■ PROBLEM ■
Wherever a picture appears in the data below, omit it, and restate everything else word for word.
DATA TO EXAMINE Block Start
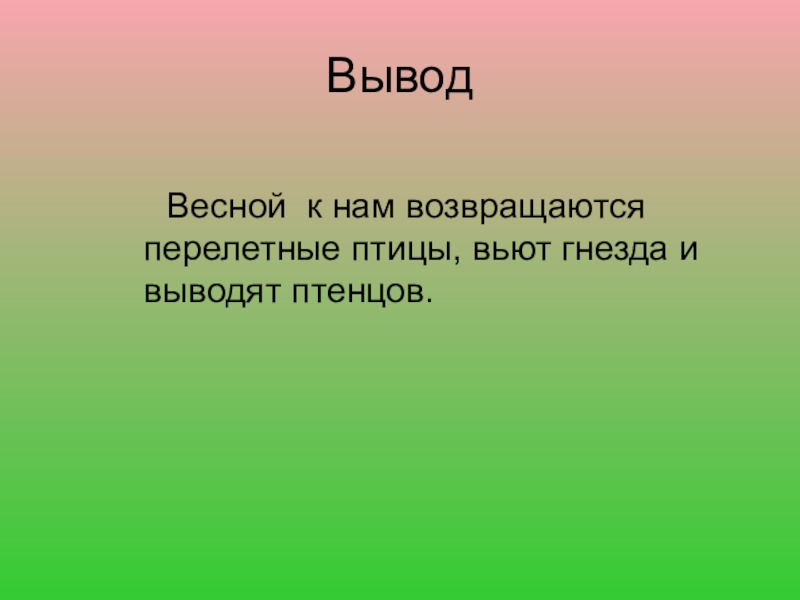ВыводВесной к нам возвращаются перелетные птицы, вьют гнезда и выводят птенцов.
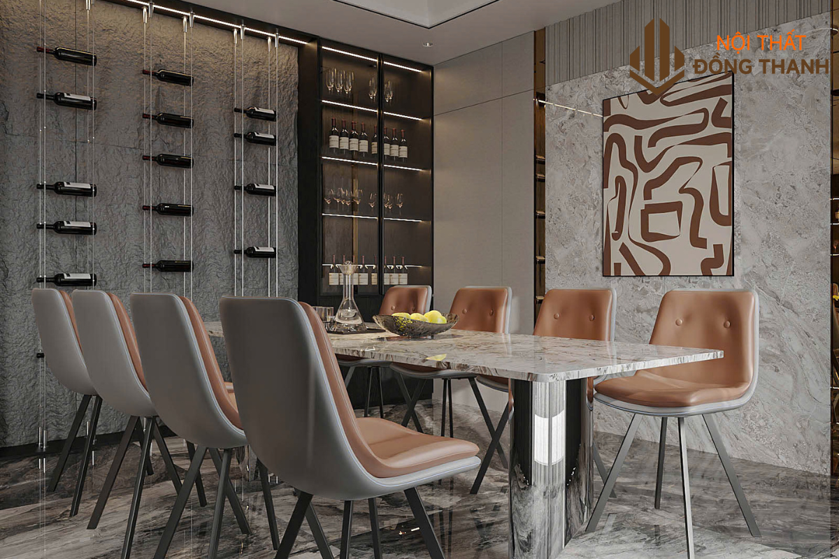 Bàn ăn lớn với mặt đá vân, kim loại được đặt liền kề với khu vực tủ rượu và phòng khách, ánh sáng xuyên qua lớp rèm mỏng, tạo nên không khí ấm áp và thi vị trong từng bữa cơm gia đình.
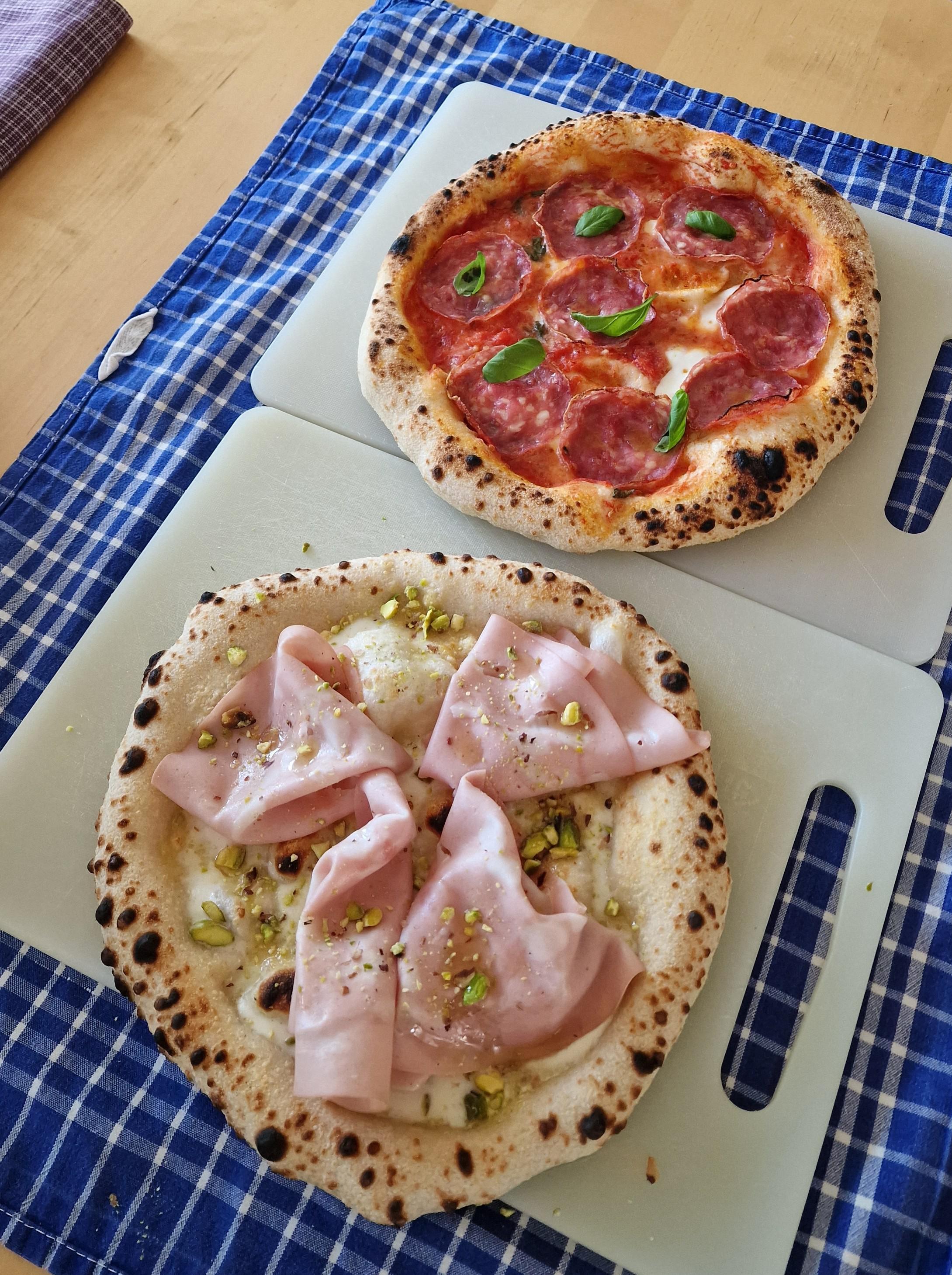 The upper one is tomato sauce, mozzarella, parmesan and salame. The bottom one is mozzarella, parmesan and mortadella with crushed pistachios and honey drizzled on top. The flour used was Caputo Nuvola. by MasterSanTzu NapoletanaNeapolitanNeapolitan pizzaOther 🔥/⚡pizzaPizza Napoletana 5 Comments Kooky-Motor4669 3 years ago Nice leoparding … Hypergraphe 3 years ago They look really tasty ! mindwarp-hs 3 years ago they look awsome! elliotb1989 3 years ago Looks great, but I had my fist pizza of the year on January 1! GodIsAPizza 3 years ago Looks great. Isthe bottom oneyour own invention?Write A CommentYou must be logged in to post a comment.
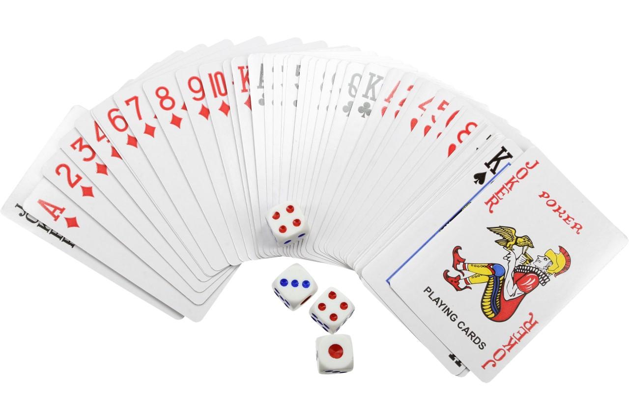 Poker je společenská hra. Karty jsou v pruhledné krabičce a zvlášť 2 balíčky karet v papirové krabičce + 4 kostky. Poker je hra určená především pro hry Poker a Wheels. Univerzální mezinárodní vzor umožňuje použití nejen pro klasický Poker či Texas Holdem, ale je vhodný pro celou paletu karetních her, třeba i pro kouzelnické účely. Balíček obsahuje červenou hromádku karet a modrou hromádku karet.
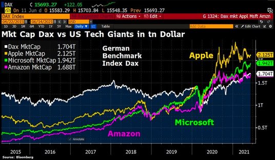 1,7 biliona dolarów – to łączna kapitalizacja 30 spółek wchodzących w skład Dax Blue Chips. To niewiele więcej niż kapitalizacja Amazona - 1,69 bln USD. Kapitalizacja Apple to ponad 2,1 bln USD, a Microsofta mocno przekracza 1,0 bln USD.
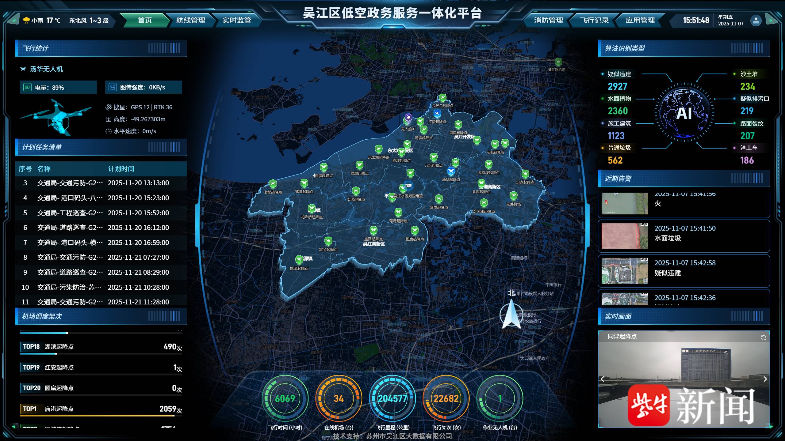 2024年,吴江率先建成的全市首个交通工程无人机机场自动巡飞系统,实现了对工地“一带一帽”、扬尘治理、临边防护等关键场景的AI算法智能识别与全天候监控。升级后的系统推动了交通监管从单一工地管理向港口码头、航道巡查、渣土运输路线及非法倾倒点位的全域覆盖转变,全区交通领域污染防治监管及交通工程安全、质量监督实现从“人工排查”到“AI识别”、从“地面巡查”到“空中监管”的跨越式升级,构建起水陆空三位一体的现代化治理新格局。
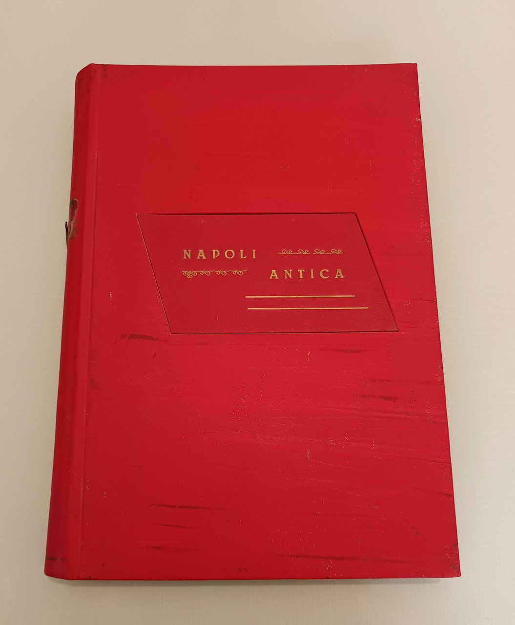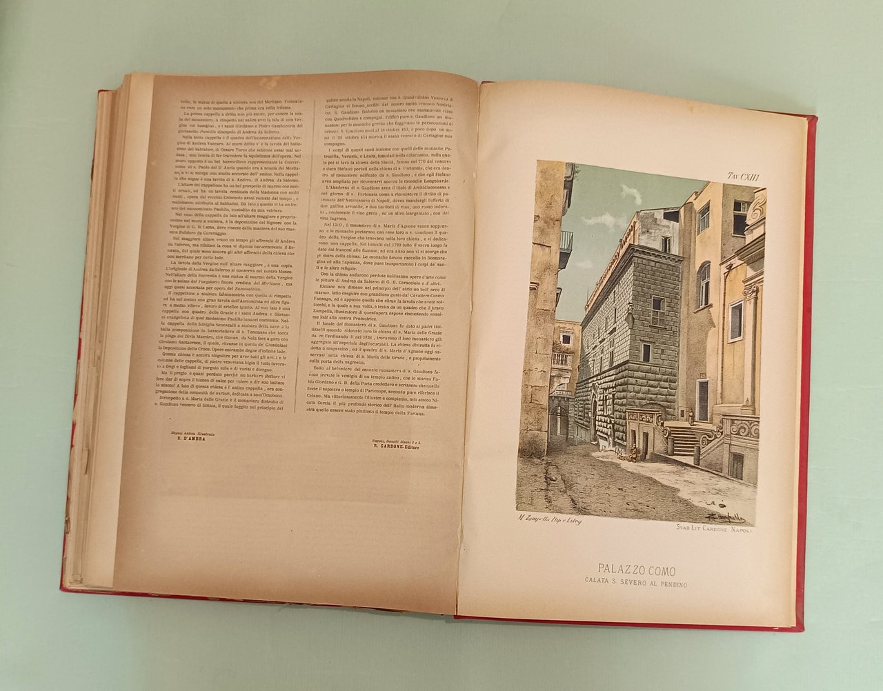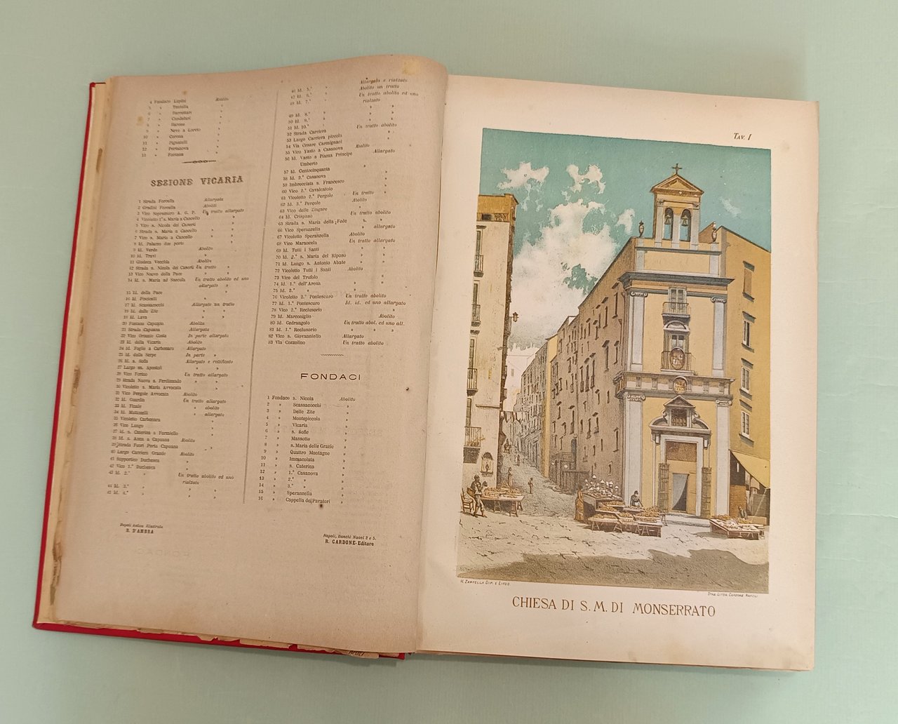 D’AMBRA Raffaele. Napoli antica. Napoli, Cardone, 1889. In folio. Frontespizio con allegorie della Sirena partenopea, racchiuso in fregio a colori con gli stemmi dei quartieri napoletani; tavola con la cerimonia della inaugurazione avvenuta il 15 giugno 1889; tavola spieghevole (con strappi) con la pianta topografica della città di Napoli, al verso i ritratti di D’Ambra e Cardone. Centoquattordici tavole cromolitografate con piazze, monumenti, chiese, strade, fontane, fondaci di Napoli. Opera di valore documentario, ciascuna tavola preceduta da testo esplicativo. Le litografie a carattere popolare sono a colori assai vivi con scene e figure. Legatura in pelle rossa. Tassello al piatto anteriore con titolo e fregi in oro.
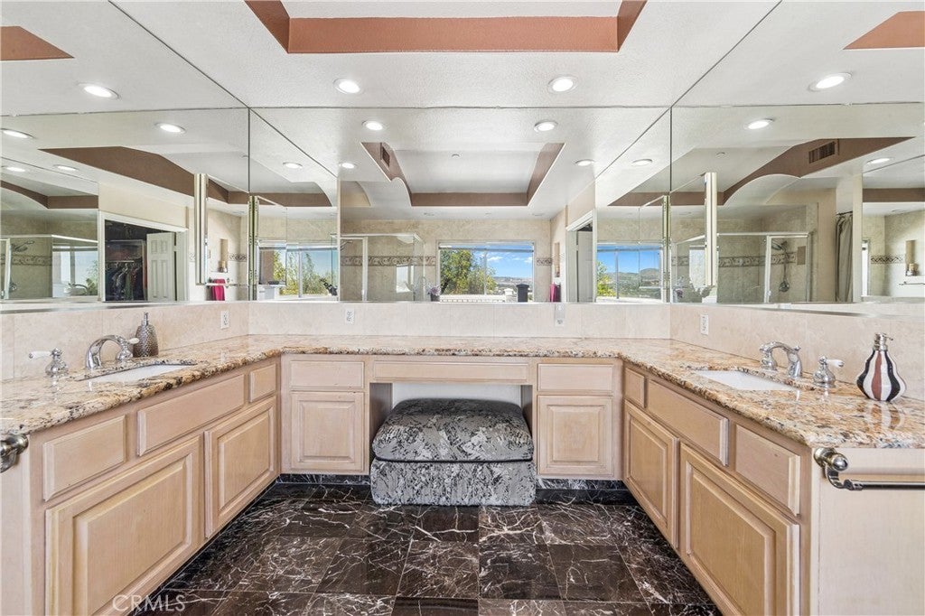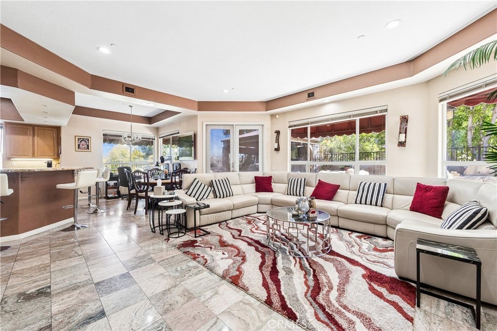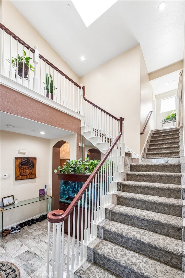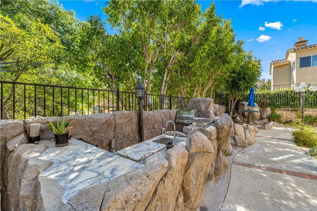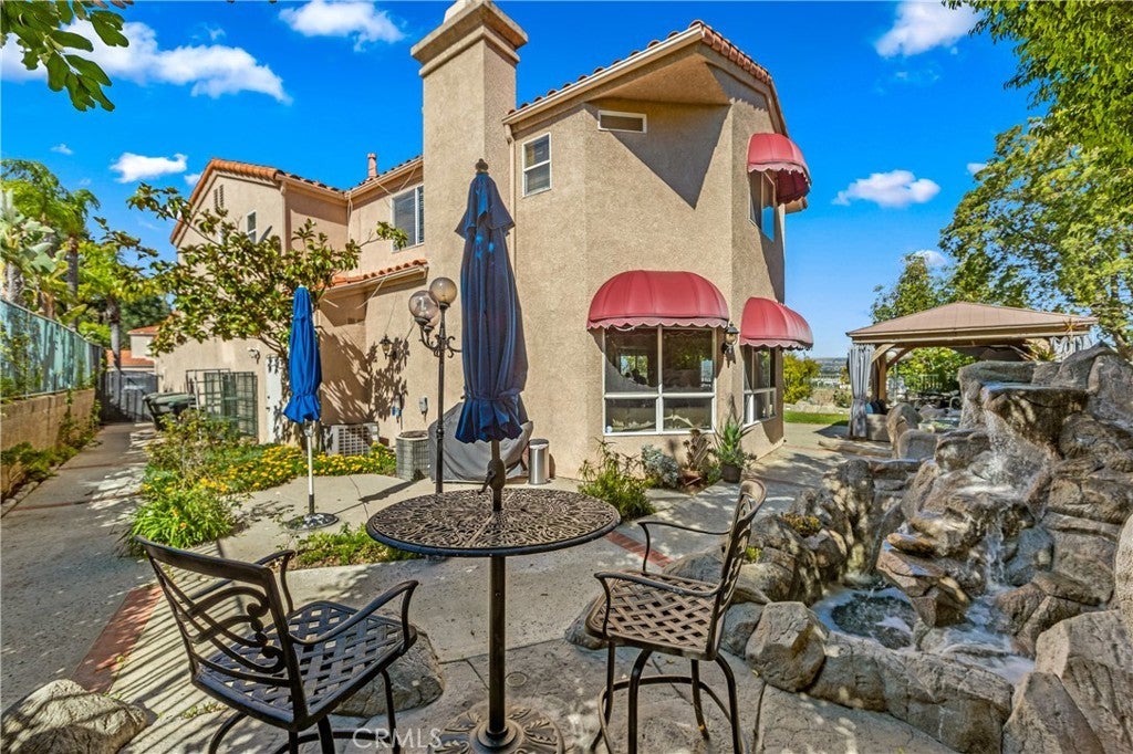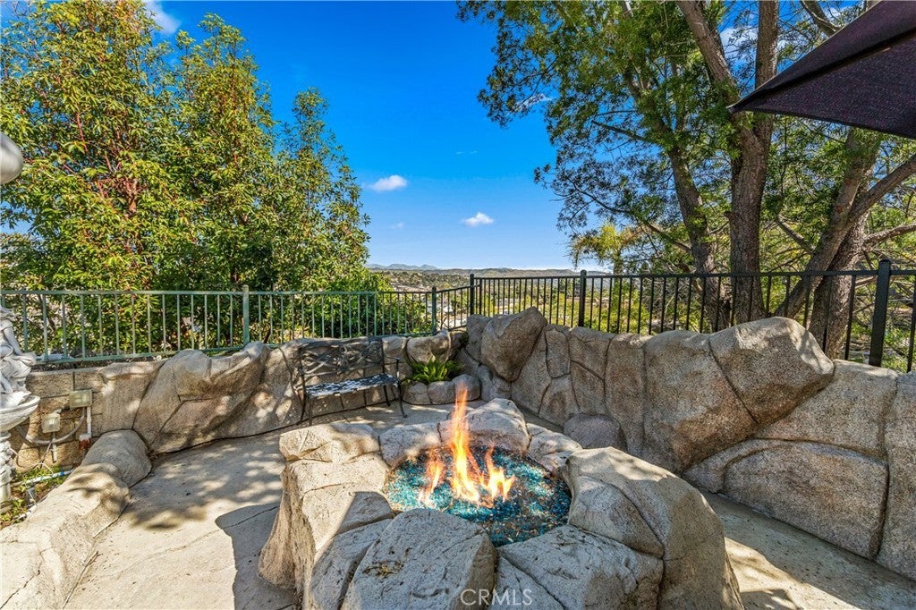 Perched atop one of Anaheim Hills’ most prestigious gated enclaves, this amazing residence sits on a sprawling corner lot at the end of a quiet cul-de-sac, offering privacy and sweeping panoramic views. Soaring ceilings and walls of windows bathe the interiors in natural light, while double doors throughout create seamless connections to the meticulously landscaped grounds, crafting a perfect canvas for entertaining. The formal sitting area, anchored by a warming fireplace, flows effortlessly into the formal dining room, which opens to the backyard—ideal for sophisticated indoor-outdoor entertaining. For more casual gatherings, a second dining area opens to the spacious kitchen and expansive family room warmed by an additional fireplace, creating an inviting space for everyday living. The guest powder room on the main level ensures convenience for visitors. Upstairs, four generous bedroom suites, each with its own luxurious en-suite bathroom, provide comfort and privacy for family and guests. The primary suite is a serene retreat, complete with its own fireplace, a sprawling walk-in closet, and a private patio deck that frames stunning sunset vistas—perfect for morning coffee or evening relaxation. Outside, sculptural rock formations and cascading waterfalls create a tranquil, resort-like atmosphere, brought to life after dark by expertly designed landscape lighting. Multiple outdoor entertaining spaces—including fire pits, a built-in barbecue, and a shaded pergola—invite alfresco dining and gatherings against the backdrop of rolling hillside views. A three-car garage provides ample storage, complemented by a spacious driveway for multiple vehicles. Central heat and air throughout ensure year-round comfort. Ideally located near top-rated schools, scenic parks, shopping, and convenient freeway access, this home perfectly blends tranquility, luxury, and connectivity, offering a rare opportunity for resort-inspired living in Anaheim Hills.
DATA TO EXAMINE Block End
■ OUTPUT OF THE TASK ■
ВыводВесной к нам возвращаются перелетные птицы, вьют гнезда и выводят птенцов.
 Bàn ăn lớn với mặt đá vân, kim loại được đặt liền kề với khu vực tủ rượu và phòng khách, ánh sáng xuyên qua lớp rèm mỏng, tạo nên không khí ấm áp và thi vị trong từng bữa cơm gia đình.
 The upper one is tomato sauce, mozzarella, parmesan and salame. The bottom one is mozzarella, parmesan and mortadella with crushed pistachios and honey drizzled on top. The flour used was Caputo Nuvola. by MasterSanTzu NapoletanaNeapolitanNeapolitan pizzaOther 🔥/⚡pizzaPizza Napoletana 5 Comments Kooky-Motor4669 3 years ago Nice leoparding … Hypergraphe 3 years ago They look really tasty ! mindwarp-hs 3 years ago they look awsome! elliotb1989 3 years ago Looks great, but I had my fist pizza of the year on January 1! GodIsAPizza 3 years ago Looks great. Isthe bottom oneyour own invention?Write A CommentYou must be logged in to post a comment.
 Poker je společenská hra. Karty jsou v pruhledné krabičce a zvlášť 2 balíčky karet v papirové krabičce + 4 kostky. Poker je hra určená především pro hry Poker a Wheels. Univerzální mezinárodní vzor umožňuje použití nejen pro klasický Poker či Texas Holdem, ale je vhodný pro celou paletu karetních her, třeba i pro kouzelnické účely. Balíček obsahuje červenou hromádku karet a modrou hromádku karet.
 1,7 biliona dolarów – to łączna kapitalizacja 30 spółek wchodzących w skład Dax Blue Chips. To niewiele więcej niż kapitalizacja Amazona - 1,69 bln USD. Kapitalizacja Apple to ponad 2,1 bln USD, a Microsofta mocno przekracza 1,0 bln USD.
 2024年,吴江率先建成的全市首个交通工程无人机机场自动巡飞系统,实现了对工地“一带一帽”、扬尘治理、临边防护等关键场景的AI算法智能识别与全天候监控。升级后的系统推动了交通监管从单一工地管理向港口码头、航道巡查、渣土运输路线及非法倾倒点位的全域覆盖转变,全区交通领域污染防治监管及交通工程安全、质量监督实现从“人工排查”到“AI识别”、从“地面巡查”到“空中监管”的跨越式升级,构建起水陆空三位一体的现代化治理新格局。
 D’AMBRA Raffaele. Napoli antica. Napoli, Cardone, 1889. In folio. Frontespizio con allegorie della Sirena partenopea, racchiuso in fregio a colori con gli stemmi dei quartieri napoletani; tavola con la cerimonia della inaugurazione avvenuta il 15 giugno 1889; tavola spieghevole (con strappi) con la pianta topografica della città di Napoli, al verso i ritratti di D’Ambra e Cardone. Centoquattordici tavole cromolitografate con piazze, monumenti, chiese, strade, fontane, fondaci di Napoli. Opera di valore documentario, ciascuna tavola preceduta da testo esplicativo. Le litografie a carattere popolare sono a colori assai vivi con scene e figure. Legatura in pelle rossa. Tassello al piatto anteriore con titolo e fregi in oro.
 Perched atop one of Anaheim Hills’ most prestigious gated enclaves, this amazing residence sits on a sprawling corner lot at the end of a quiet cul-de-sac, offering privacy and sweeping panoramic views. Soaring ceilings and walls of windows bathe the interiors in natural light, while double doors throughout create seamless connections to the meticulously landscaped grounds, crafting a perfect canvas for entertaining. The formal sitting area, anchored by a warming fireplace, flows effortlessly into the formal dining room, which opens to the backyard—ideal for sophisticated indoor-outdoor entertaining. For more casual gatherings, a second dining area opens to the spacious kitchen and expansive family room warmed by an additional fireplace, creating an inviting space for everyday living. The guest powder room on the main level ensures convenience for visitors. Upstairs, four generous bedroom suites, each with its own luxurious en-suite bathroom, provide comfort and privacy for family and guests. The primary suite is a serene retreat, complete with its own fireplace, a sprawling walk-in closet, and a private patio deck that frames stunning sunset vistas—perfect for morning coffee or evening relaxation. Outside, sculptural rock formations and cascading waterfalls create a tranquil, resort-like atmosphere, brought to life after dark by expertly designed landscape lighting. Multiple outdoor entertaining spaces—including fire pits, a built-in barbecue, and a shaded pergola—invite alfresco dining and gatherings against the backdrop of rolling hillside views. A three-car garage provides ample storage, complemented by a spacious driveway for multiple vehicles. Central heat and air throughout ensure year-round comfort. Ideally located near top-rated schools, scenic parks, shopping, and convenient freeway access, this home perfectly blends tranquility, luxury, and connectivity, offering a rare opportunity for resort-inspired living in Anaheim Hills.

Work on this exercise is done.